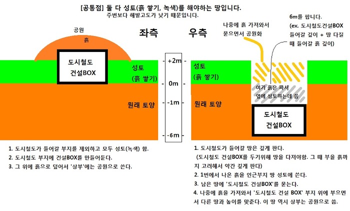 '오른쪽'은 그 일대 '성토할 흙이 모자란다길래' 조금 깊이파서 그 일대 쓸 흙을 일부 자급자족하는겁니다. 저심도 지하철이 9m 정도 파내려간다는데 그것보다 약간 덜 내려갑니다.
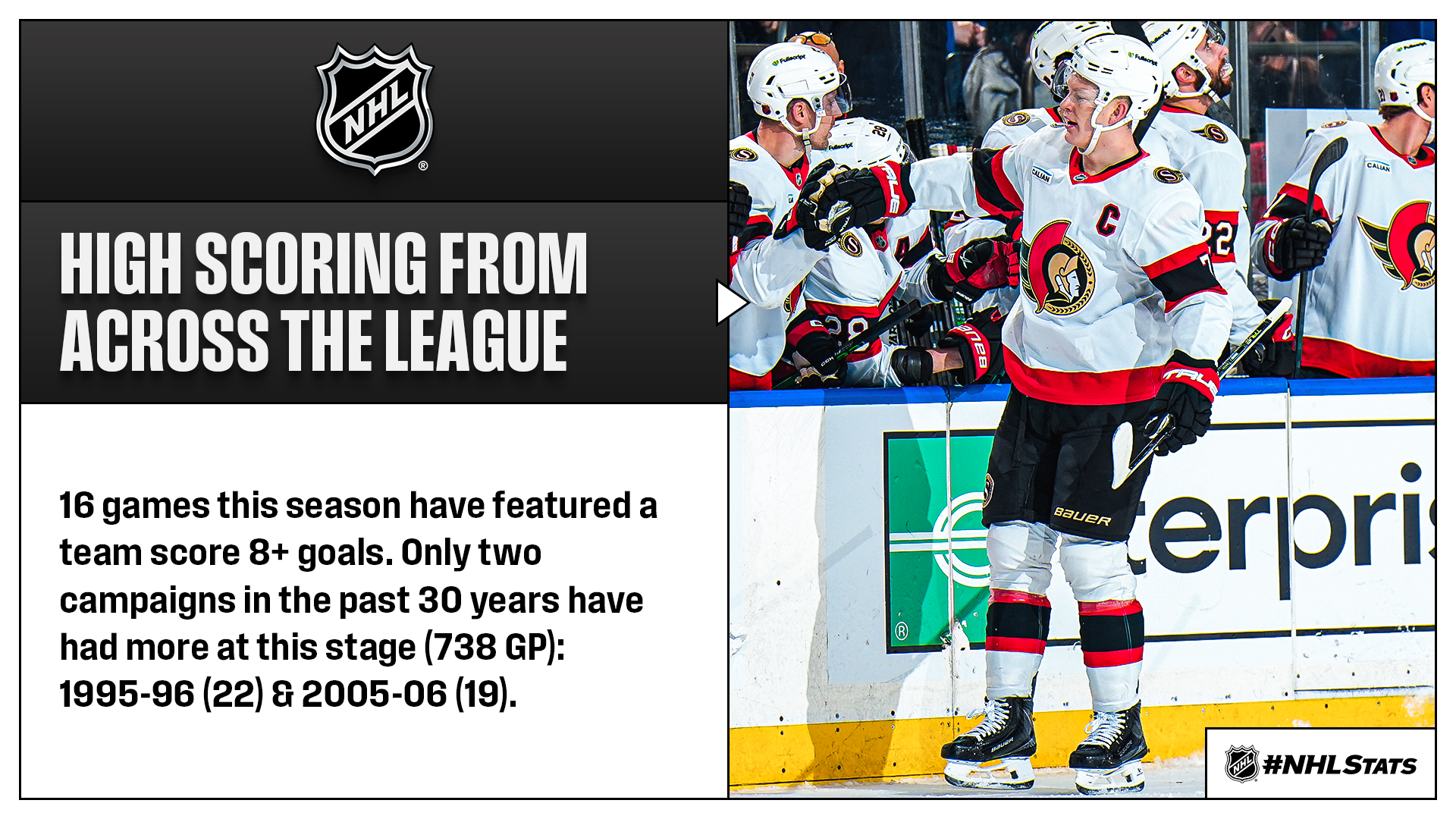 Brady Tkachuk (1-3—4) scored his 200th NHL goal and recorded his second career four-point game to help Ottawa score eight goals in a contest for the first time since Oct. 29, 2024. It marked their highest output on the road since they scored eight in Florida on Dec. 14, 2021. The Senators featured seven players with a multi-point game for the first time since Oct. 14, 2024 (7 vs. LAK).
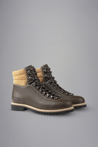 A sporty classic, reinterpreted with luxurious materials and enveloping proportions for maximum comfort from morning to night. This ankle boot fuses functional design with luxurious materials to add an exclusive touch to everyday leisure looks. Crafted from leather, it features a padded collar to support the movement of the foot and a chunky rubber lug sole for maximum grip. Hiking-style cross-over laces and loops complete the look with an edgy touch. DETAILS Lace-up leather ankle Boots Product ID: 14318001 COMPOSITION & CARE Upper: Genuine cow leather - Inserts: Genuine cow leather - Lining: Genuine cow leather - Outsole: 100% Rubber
==
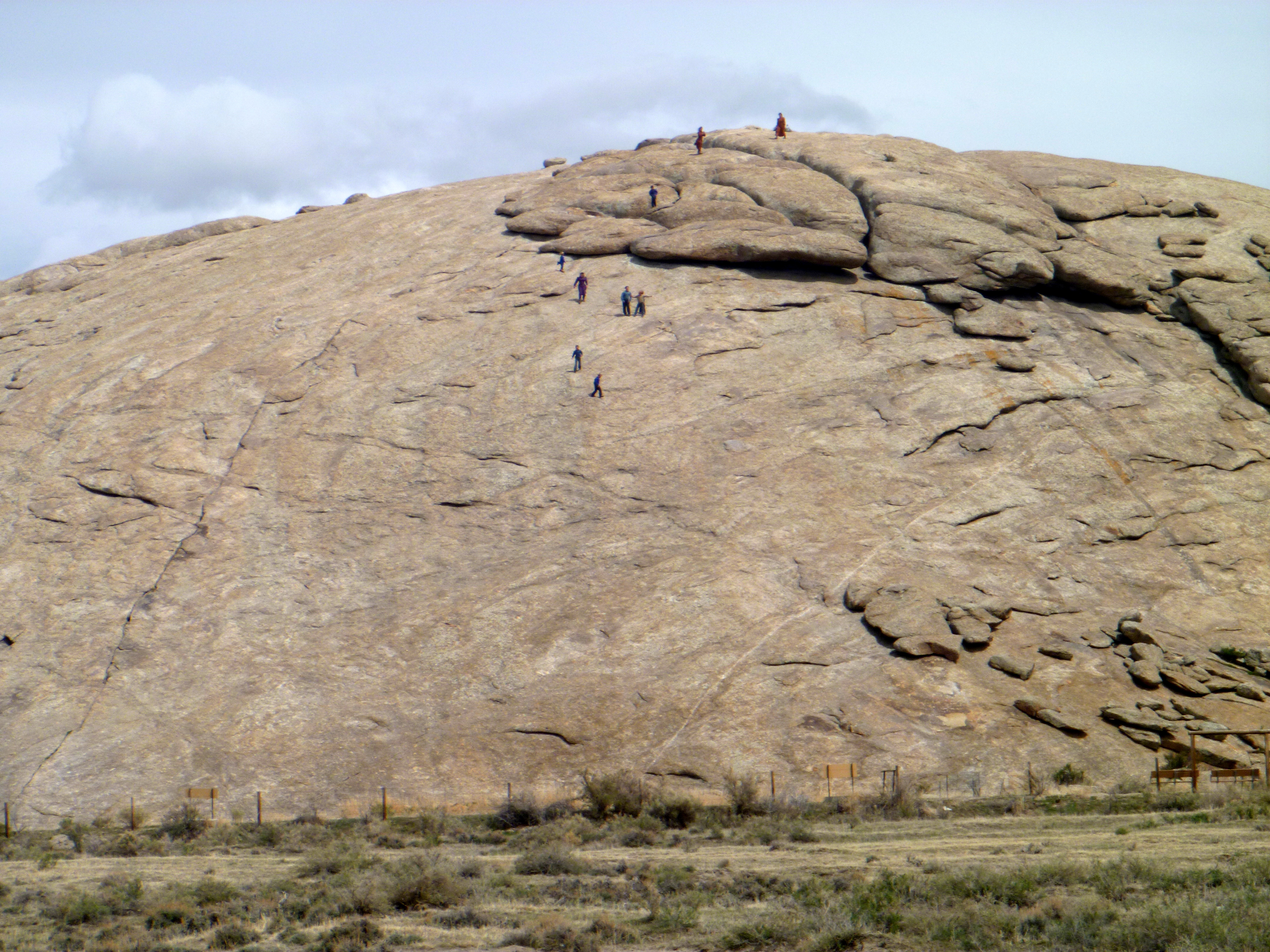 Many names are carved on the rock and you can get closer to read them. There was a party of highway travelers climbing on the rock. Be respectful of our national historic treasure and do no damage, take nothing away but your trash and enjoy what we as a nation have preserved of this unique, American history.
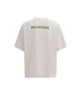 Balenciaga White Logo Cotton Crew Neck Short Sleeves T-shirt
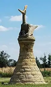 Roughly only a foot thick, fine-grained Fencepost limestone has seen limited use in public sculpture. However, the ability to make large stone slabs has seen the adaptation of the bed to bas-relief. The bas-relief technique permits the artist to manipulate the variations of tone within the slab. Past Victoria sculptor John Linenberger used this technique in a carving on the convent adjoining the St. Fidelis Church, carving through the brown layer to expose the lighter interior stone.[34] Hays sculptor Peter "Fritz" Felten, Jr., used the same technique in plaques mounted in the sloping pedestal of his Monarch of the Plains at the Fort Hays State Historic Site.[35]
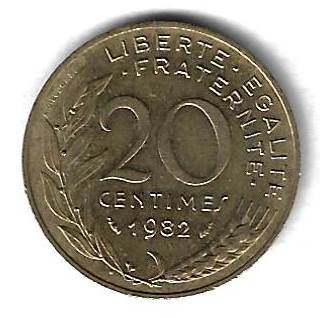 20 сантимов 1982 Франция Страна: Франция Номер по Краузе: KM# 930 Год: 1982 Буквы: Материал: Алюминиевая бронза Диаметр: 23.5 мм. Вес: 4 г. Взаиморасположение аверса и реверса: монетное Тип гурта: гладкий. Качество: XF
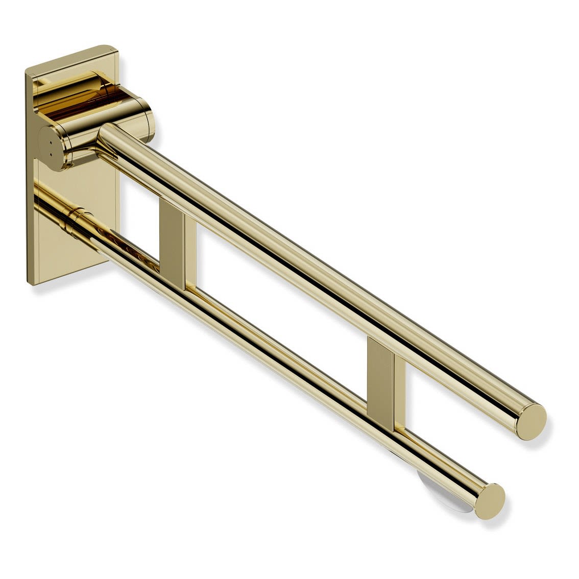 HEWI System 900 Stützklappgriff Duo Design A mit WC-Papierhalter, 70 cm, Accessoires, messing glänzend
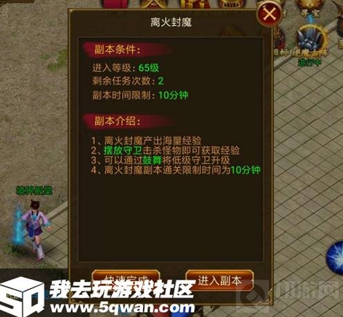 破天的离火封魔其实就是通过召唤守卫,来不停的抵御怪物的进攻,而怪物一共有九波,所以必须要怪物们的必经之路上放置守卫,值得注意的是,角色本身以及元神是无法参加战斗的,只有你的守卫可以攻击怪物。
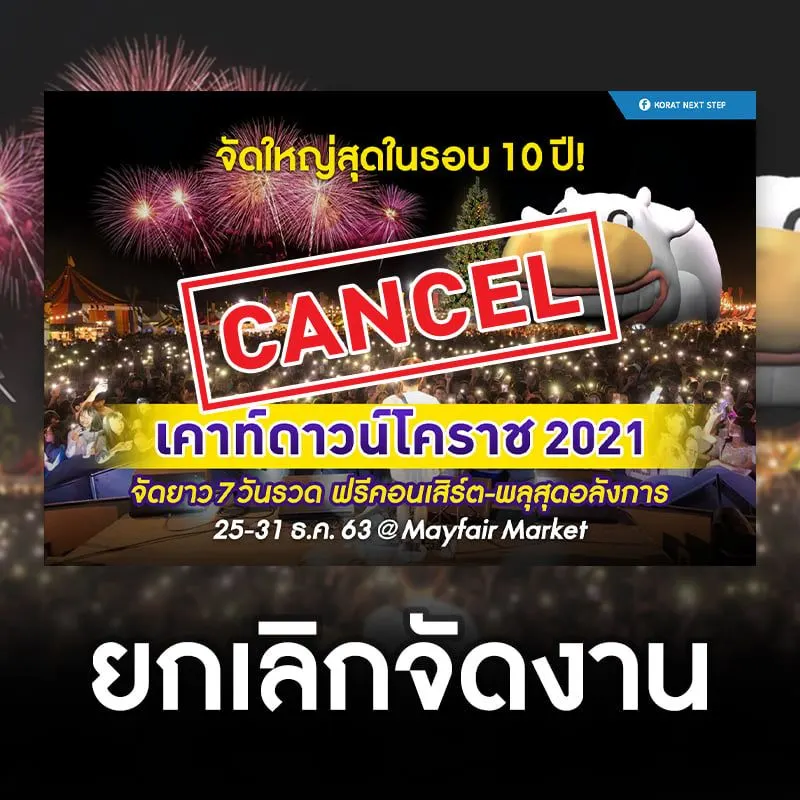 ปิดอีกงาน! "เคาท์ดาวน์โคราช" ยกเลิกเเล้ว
* * *
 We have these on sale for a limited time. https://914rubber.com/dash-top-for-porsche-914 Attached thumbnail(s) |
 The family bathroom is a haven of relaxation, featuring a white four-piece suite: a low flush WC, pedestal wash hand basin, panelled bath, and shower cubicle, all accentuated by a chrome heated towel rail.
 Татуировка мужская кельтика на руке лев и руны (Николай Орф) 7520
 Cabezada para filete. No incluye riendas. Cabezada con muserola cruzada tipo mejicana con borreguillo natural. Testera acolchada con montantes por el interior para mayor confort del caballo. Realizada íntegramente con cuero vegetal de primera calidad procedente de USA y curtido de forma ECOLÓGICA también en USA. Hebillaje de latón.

-- WHAT TO WORK ON --
Using the listing above, restate exactly the range between the lines holding "Many names are" and "Balenciaga White Logo", inclusive, with pictures left out.

-- SOLVED EXERCISE --
 Many names are carved on the rock and you can get closer to read them. There was a party of highway travelers climbing on the rock. Be respectful of our national historic treasure and do no damage, take nothing away but your trash and enjoy what we as a nation have preserved of this unique, American history.
 Balenciaga White Logo Cotton Crew Neck Short Sleeves T-shirt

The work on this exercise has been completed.